Hence the idea of using iCrashed variable to disable slide effect of the rear when going into a wheeling. + some smooth effect when wheel comes back on the ground.

Currently not possible and unlikely it will ever be. As said, reason is: replay file size.

Please correct my statement if calculation is wrong, but assuming payload is 220 bytes for SPluginsBikeData_t struct, and that we set the telemetry rate at 50hz.
That should be 220*50= 11000bytes per second, so 11000*120 = 1320000 bytes for a ~2 minutes lap, i.e. 1320000/1024 = 1289 kBytes = 1.25MBytes per lap.
By replay file size being too big, were you referring only to telemetry data storage or to something else?

Some telemetry tools allow to inspect the telemetry while showing a recording of the lap, but you'll need to sync them properly to use them effectively, that can't really be automated.

Did you try to use MaxTM ? As it shows where the bike is on the track, you should have little need for the video.
To be honest, I don't think in real life riders do look at the video: the telemetry should be enough.

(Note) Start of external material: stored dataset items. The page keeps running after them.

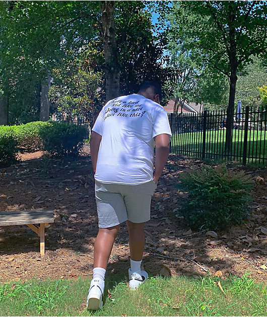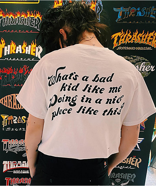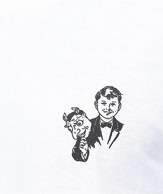 The Schemin’ t-shirt from A.LAB comes in a white colorway with a front left screen print featuring a young man pulling a devil’s mask away from his face. On the back is a connected graphic with text reading, \”what’s a bad kid like me doing in a nice place
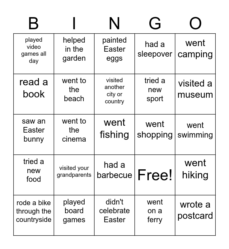 This bingo card has 25 words: visited your grandparents, didn't celebrate Easter, visited another city or country, rode a bike through the countryside, went camping, played video games all day, read a book, helped in the garden, went shopping, had a barbecue, tried a new sport, saw an Easter bunny, Free!, went hiking, went to the beach, wrote a postcard, went swimming, painted Easter eggs, visited a museum, went to the cinema, went fishing, played board games, tried a new food, had a sleepover and went on a ferry.
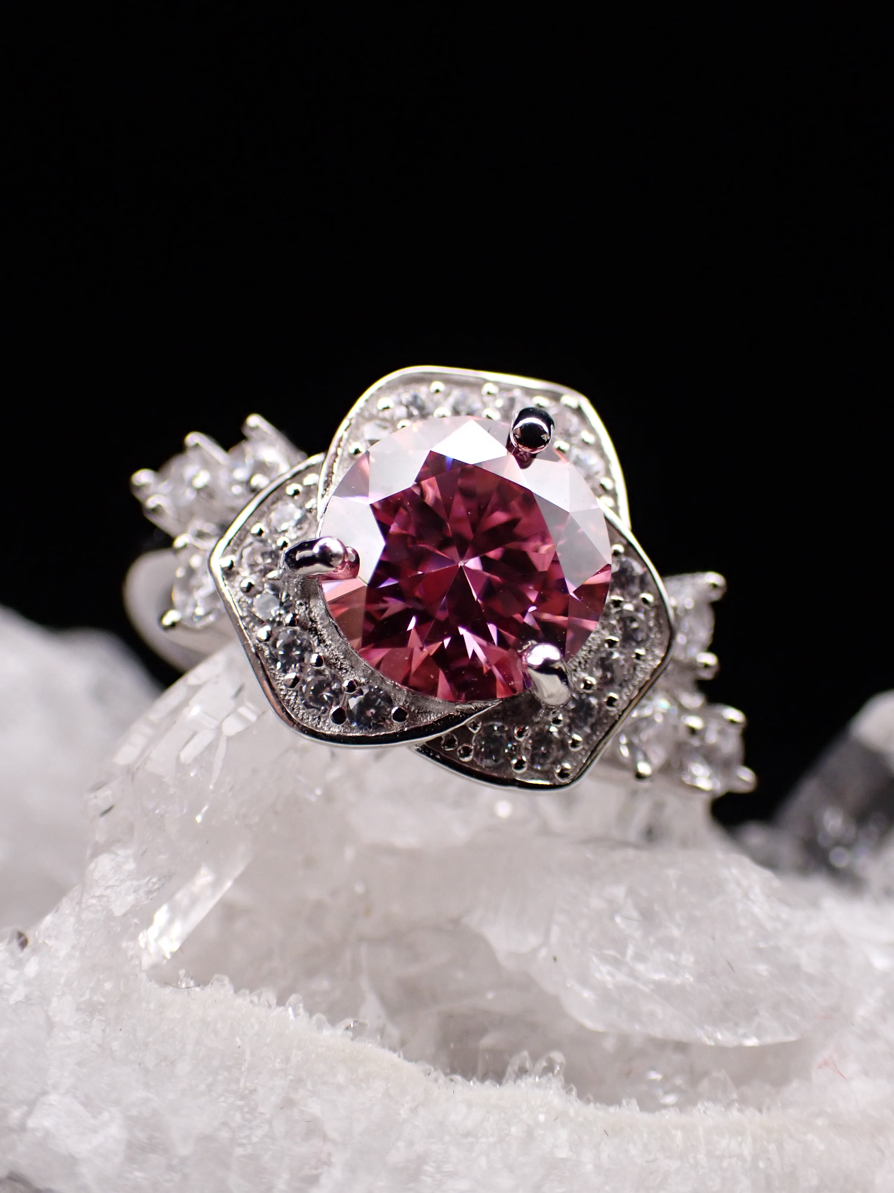 薔薇ring ピンクモアッサナイト フリーサイズリングSV
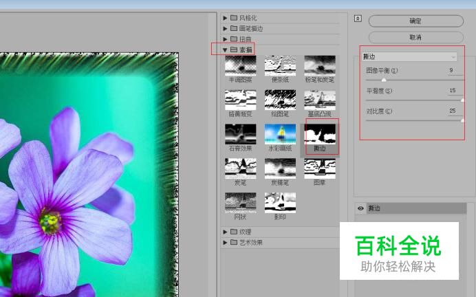从滤镜库里面找打“素描”里面的“撕边”,选择并设置如图所示参数。
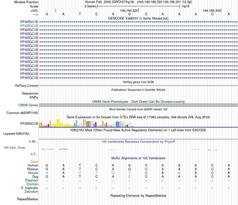 - FOXA1[chr5:149166320-149166331]
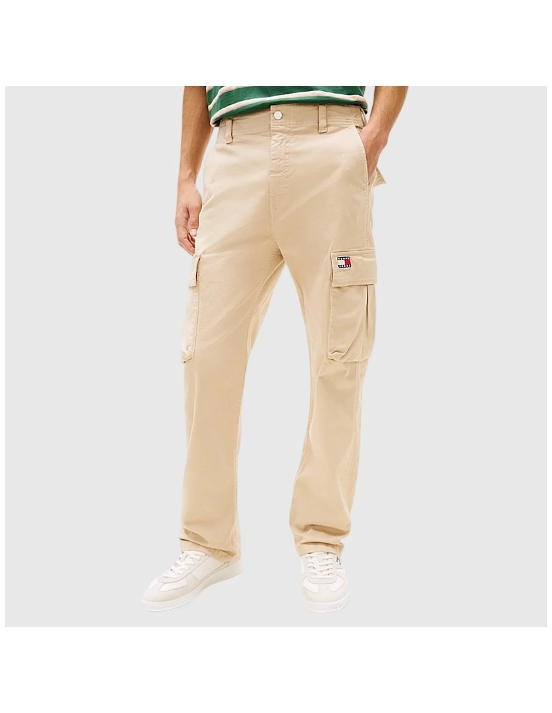 Pantalones tipo cargo para hombre de la marca Tommy Hilfiger. Están confeccionados en algodón de color beige claro, con múltiples bolsillos laterales, traseros y delanteros. Incluyen el logo clásico de Tommy Hilfiger en uno de los bolsillos de la pierna. De corte recto, son ideales para un look casual y funcional.
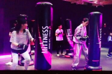 シャドーボクシングする栗山千明さんと辻凪子さん
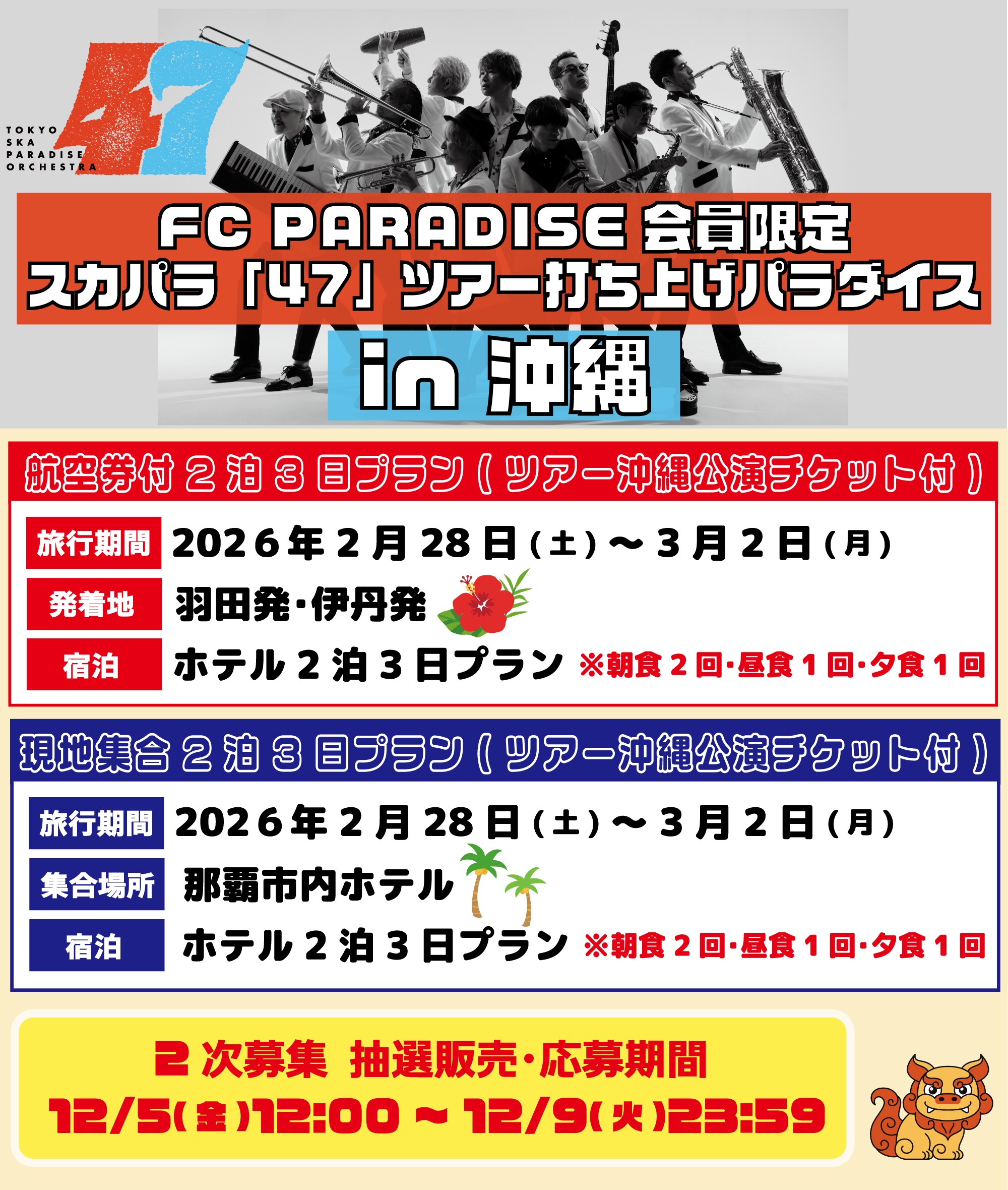 FC PARADISE会員限定【スカパラ「47」ツアー打ち上げパラダイス in 沖縄】2次募集決定!

Not yet but that's one of the first graphical plugin I want to try very soon (my gaming computer isn't always powered nor usable at the moment).
My backup plan was to find a way to record telemetry data payload, then hit the replay and record a video of it, then try to find a good marker to sync both video + telemetry and display them side by side or with some overlay.
For the time being, my use case is more about understanding and spot-checking some ideas on how to use some data to make my rig's move realistic and consistent, like about the relation between variables and what happens visually, in order to validate or correct my thoughts.
A bit out of scope the regular need for telemetry while debriefing your lap to improve driver's best time.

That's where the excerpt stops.